I will attempt to introduce analytical functions in a step-by-step manner. A first step into Analytical country could be the following, starting from a very simple aggregation query, exploring several types of aggregations that are increasingly complex and increasingly impossible to implement without analytics (at least in a efficient, performant way):
select d.dname , avg(e.sal) from dept d natural join emp e group by d.dname
The following two queries give the same result, without using the group by. They can therefore more easily be extended to return other information as well, such as an aggegation at a different grouping level.

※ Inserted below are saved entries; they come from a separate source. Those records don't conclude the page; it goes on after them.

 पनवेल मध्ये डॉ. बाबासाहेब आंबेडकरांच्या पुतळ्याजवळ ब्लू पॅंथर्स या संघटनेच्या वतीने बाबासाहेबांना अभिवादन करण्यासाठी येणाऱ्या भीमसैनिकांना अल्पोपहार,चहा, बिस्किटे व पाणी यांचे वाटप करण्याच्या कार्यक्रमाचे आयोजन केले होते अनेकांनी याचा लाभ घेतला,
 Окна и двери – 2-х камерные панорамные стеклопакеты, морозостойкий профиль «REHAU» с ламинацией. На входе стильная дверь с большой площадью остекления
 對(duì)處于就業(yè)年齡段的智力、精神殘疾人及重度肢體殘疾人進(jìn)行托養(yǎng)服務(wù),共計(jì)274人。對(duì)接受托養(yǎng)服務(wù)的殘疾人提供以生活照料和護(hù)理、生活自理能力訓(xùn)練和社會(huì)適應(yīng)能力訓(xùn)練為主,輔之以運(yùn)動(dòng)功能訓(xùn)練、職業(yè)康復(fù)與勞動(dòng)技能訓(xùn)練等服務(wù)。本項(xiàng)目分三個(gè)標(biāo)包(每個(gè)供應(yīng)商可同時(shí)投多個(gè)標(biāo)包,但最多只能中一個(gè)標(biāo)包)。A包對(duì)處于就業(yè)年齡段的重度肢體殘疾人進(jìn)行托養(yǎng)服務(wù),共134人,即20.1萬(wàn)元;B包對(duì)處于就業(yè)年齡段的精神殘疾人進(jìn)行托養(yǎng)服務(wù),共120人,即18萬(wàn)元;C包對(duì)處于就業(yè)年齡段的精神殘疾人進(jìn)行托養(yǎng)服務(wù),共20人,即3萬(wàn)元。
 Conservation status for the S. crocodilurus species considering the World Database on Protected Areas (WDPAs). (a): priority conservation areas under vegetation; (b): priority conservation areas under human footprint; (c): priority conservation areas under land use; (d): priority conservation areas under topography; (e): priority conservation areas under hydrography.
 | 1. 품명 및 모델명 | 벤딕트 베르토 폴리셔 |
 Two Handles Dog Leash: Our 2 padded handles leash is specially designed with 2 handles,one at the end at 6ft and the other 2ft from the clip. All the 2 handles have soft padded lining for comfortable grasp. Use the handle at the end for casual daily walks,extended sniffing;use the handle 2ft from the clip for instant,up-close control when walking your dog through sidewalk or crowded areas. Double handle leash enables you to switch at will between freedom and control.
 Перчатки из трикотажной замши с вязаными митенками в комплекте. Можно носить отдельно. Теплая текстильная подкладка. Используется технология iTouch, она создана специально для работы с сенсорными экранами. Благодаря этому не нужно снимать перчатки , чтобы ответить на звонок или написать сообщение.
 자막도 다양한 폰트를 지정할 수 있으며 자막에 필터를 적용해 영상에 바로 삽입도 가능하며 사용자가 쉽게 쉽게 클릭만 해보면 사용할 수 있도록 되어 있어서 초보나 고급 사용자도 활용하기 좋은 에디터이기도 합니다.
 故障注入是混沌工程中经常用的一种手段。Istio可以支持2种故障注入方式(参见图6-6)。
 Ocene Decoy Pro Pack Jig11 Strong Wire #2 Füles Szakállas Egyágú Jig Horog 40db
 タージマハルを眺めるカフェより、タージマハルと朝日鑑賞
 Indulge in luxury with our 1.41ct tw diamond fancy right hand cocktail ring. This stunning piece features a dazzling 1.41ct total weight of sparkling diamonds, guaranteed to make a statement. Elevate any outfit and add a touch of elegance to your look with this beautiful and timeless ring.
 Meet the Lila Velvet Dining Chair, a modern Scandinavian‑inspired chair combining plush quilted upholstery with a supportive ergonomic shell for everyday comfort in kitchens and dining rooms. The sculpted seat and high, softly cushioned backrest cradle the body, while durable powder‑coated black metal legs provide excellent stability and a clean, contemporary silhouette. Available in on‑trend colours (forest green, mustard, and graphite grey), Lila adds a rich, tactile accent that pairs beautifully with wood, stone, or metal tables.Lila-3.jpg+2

Using an analytical function:
select distinct d.dname , avg(e.sal) over (partition by d.dname) -- the analytical avg function from dept d natural join emp e
Read the analytical part of this query as follows: ‘for each record returned, select the average of salary values for all rows in the partition (subset, group) with the same department-name as the current record’s department-name‘.
Using a scalar subquery:
select d.dname , (select avg(e.sal) from emp e where e.deptno = d.deptno) from dept d
The result in all cases is the following:
DNAME AVG(E.SAL) -------------- ---------- ACCOUNTING 1875 RESEARCH 2645.83333 SALES 1566.66667
Now it was my impression that the following should also work:
create type numTable as table of number / select d.dname , ( select avg(column_value) from table ( cast( d.salaries as numTable) ) ) Department_Avg_Salary from ( select cast ( multiset ( select e.sal from emp e where e.deptno = d1.deptno ) as numTable ) salaries , d1.dname from dept d1 ) d
I am not sure exactly where to go with the example, but it is a somewhat other approach. However, it does not work: it returns the average salary for the first department in all four rows. I have posted a question on the OTN Forum to see whether anyone knows what I might be doing wrong.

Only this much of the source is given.